◆ **Problem**: Repeat all entries word for word; skip images.

◆ **Material shown**:
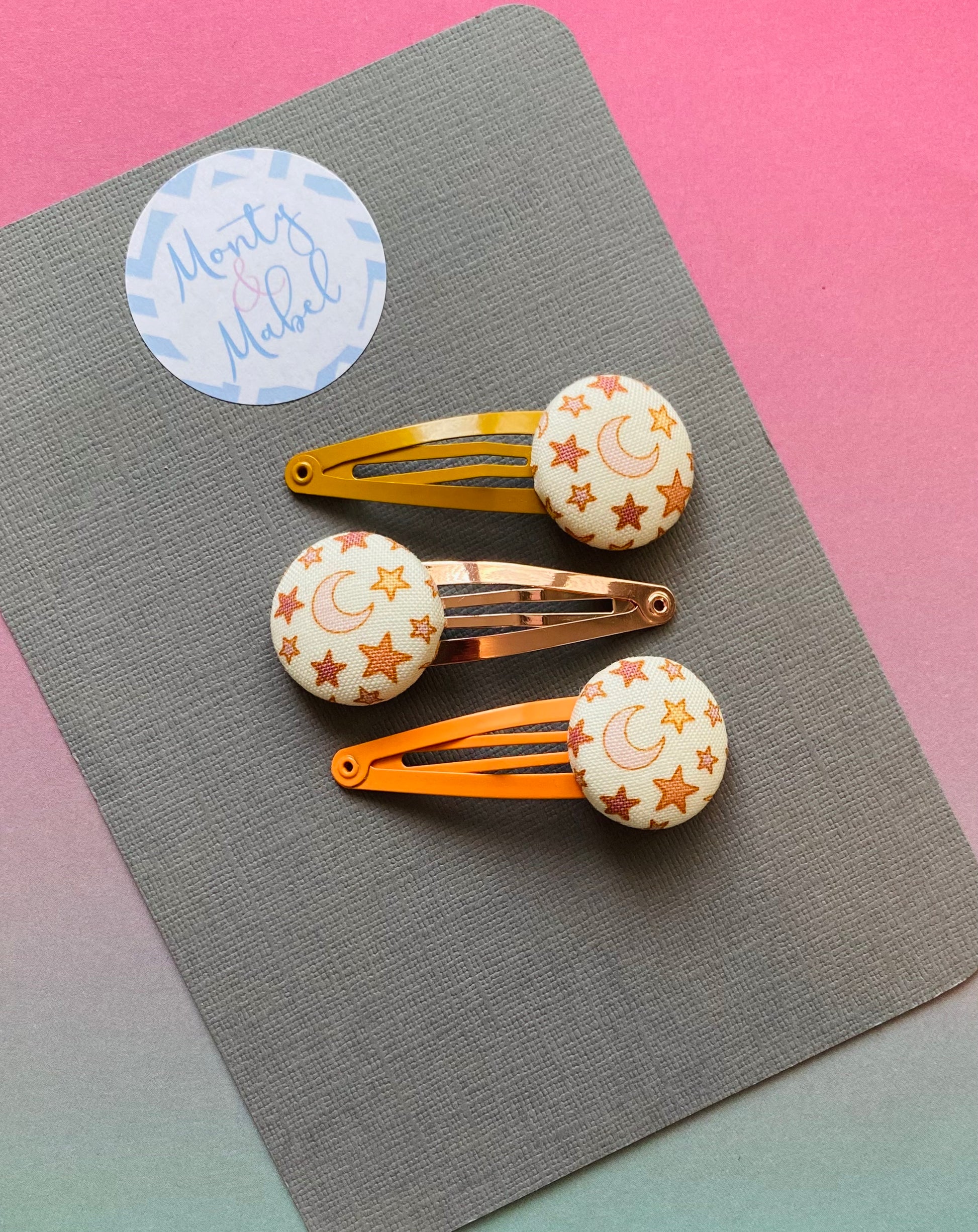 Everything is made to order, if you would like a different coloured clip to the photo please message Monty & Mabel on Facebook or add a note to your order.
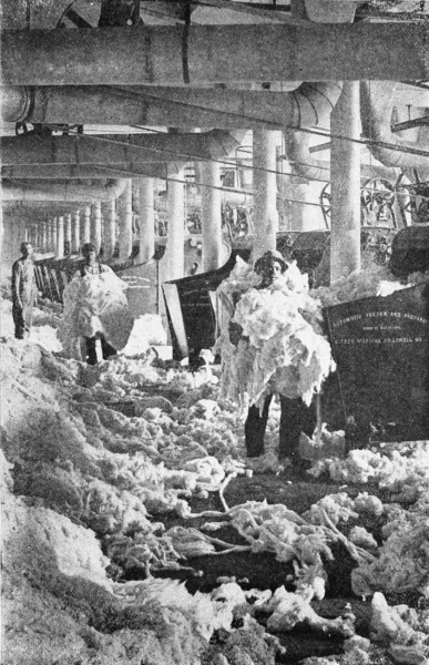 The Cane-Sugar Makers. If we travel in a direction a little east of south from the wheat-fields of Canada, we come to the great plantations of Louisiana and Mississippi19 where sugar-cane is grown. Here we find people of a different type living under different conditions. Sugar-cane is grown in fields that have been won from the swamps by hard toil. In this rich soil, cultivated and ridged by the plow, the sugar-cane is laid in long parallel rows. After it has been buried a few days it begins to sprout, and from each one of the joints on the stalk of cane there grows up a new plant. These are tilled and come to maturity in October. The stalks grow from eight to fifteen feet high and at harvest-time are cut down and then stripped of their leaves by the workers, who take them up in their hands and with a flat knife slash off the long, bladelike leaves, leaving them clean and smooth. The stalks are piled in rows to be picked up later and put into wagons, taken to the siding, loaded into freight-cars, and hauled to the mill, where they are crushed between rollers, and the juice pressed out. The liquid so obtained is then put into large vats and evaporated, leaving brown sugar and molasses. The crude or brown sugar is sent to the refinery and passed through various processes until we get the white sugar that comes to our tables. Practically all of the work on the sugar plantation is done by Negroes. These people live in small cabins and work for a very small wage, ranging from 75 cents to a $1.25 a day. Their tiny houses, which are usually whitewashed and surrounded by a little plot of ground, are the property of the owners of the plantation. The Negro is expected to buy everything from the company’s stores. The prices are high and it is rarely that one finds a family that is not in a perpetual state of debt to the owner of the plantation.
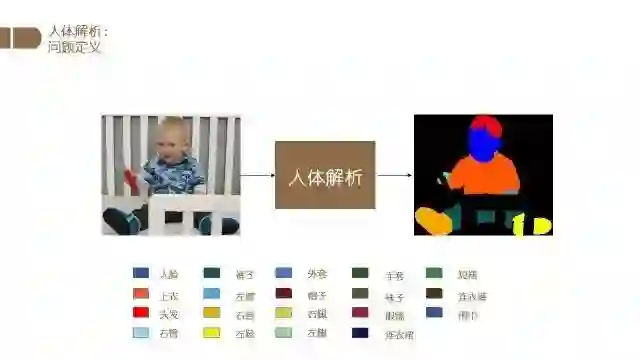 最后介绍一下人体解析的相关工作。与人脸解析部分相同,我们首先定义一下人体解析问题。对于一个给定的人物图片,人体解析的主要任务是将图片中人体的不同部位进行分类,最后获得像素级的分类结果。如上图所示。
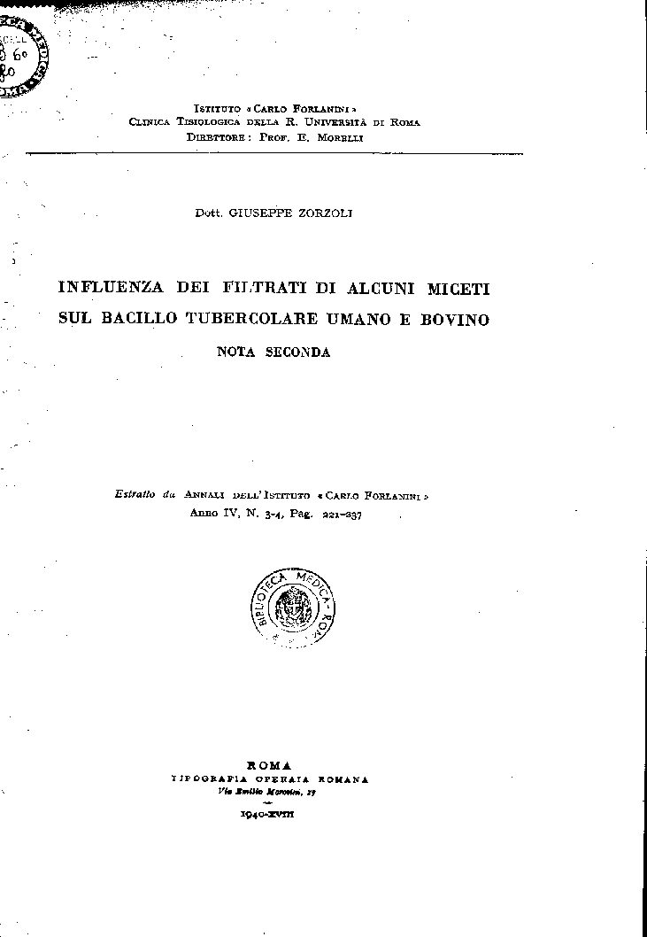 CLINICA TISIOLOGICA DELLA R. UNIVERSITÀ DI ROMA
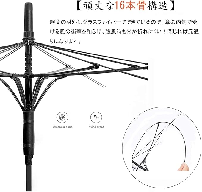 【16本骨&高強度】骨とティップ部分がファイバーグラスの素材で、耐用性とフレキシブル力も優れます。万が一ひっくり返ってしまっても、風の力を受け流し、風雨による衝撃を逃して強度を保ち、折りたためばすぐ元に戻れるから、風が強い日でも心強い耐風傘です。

◆ **Answer to this problem**:
 Everything is made to order, if you would like a different coloured clip to the photo please message Monty & Mabel on Facebook or add a note to your order.
 The Cane-Sugar Makers. If we travel in a direction a little east of south from the wheat-fields of Canada, we come to the great plantations of Louisiana and Mississippi19 where sugar-cane is grown. Here we find people of a different type living under different conditions. Sugar-cane is grown in fields that have been won from the swamps by hard toil. In this rich soil, cultivated and ridged by the plow, the sugar-cane is laid in long parallel rows. After it has been buried a few days it begins to sprout, and from each one of the joints on the stalk of cane there grows up a new plant. These are tilled and come to maturity in October. The stalks grow from eight to fifteen feet high and at harvest-time are cut down and then stripped of their leaves by the workers, who take them up in their hands and with a flat knife slash off the long, bladelike leaves, leaving them clean and smooth. The stalks are piled in rows to be picked up later and put into wagons, taken to the siding, loaded into freight-cars, and hauled to the mill, where they are crushed between rollers, and the juice pressed out. The liquid so obtained is then put into large vats and evaporated, leaving brown sugar and molasses. The crude or brown sugar is sent to the refinery and passed through various processes until we get the white sugar that comes to our tables. Practically all of the work on the sugar plantation is done by Negroes. These people live in small cabins and work for a very small wage, ranging from 75 cents to a $1.25 a day. Their tiny houses, which are usually whitewashed and surrounded by a little plot of ground, are the property of the owners of the plantation. The Negro is expected to buy everything from the company’s stores. The prices are high and it is rarely that one finds a family that is not in a perpetual state of debt to the owner of the plantation.
 最后介绍一下人体解析的相关工作。与人脸解析部分相同,我们首先定义一下人体解析问题。对于一个给定的人物图片,人体解析的主要任务是将图片中人体的不同部位进行分类,最后获得像素级的分类结果。如上图所示。
 CLINICA TISIOLOGICA DELLA R. UNIVERSITÀ DI ROMA
 【16本骨&高強度】骨とティップ部分がファイバーグラスの素材で、耐用性とフレキシブル力も優れます。万が一ひっくり返ってしまっても、風の力を受け流し、風雨による衝撃を逃して強度を保ち、折りたためばすぐ元に戻れるから、風が強い日でも心強い耐風傘です。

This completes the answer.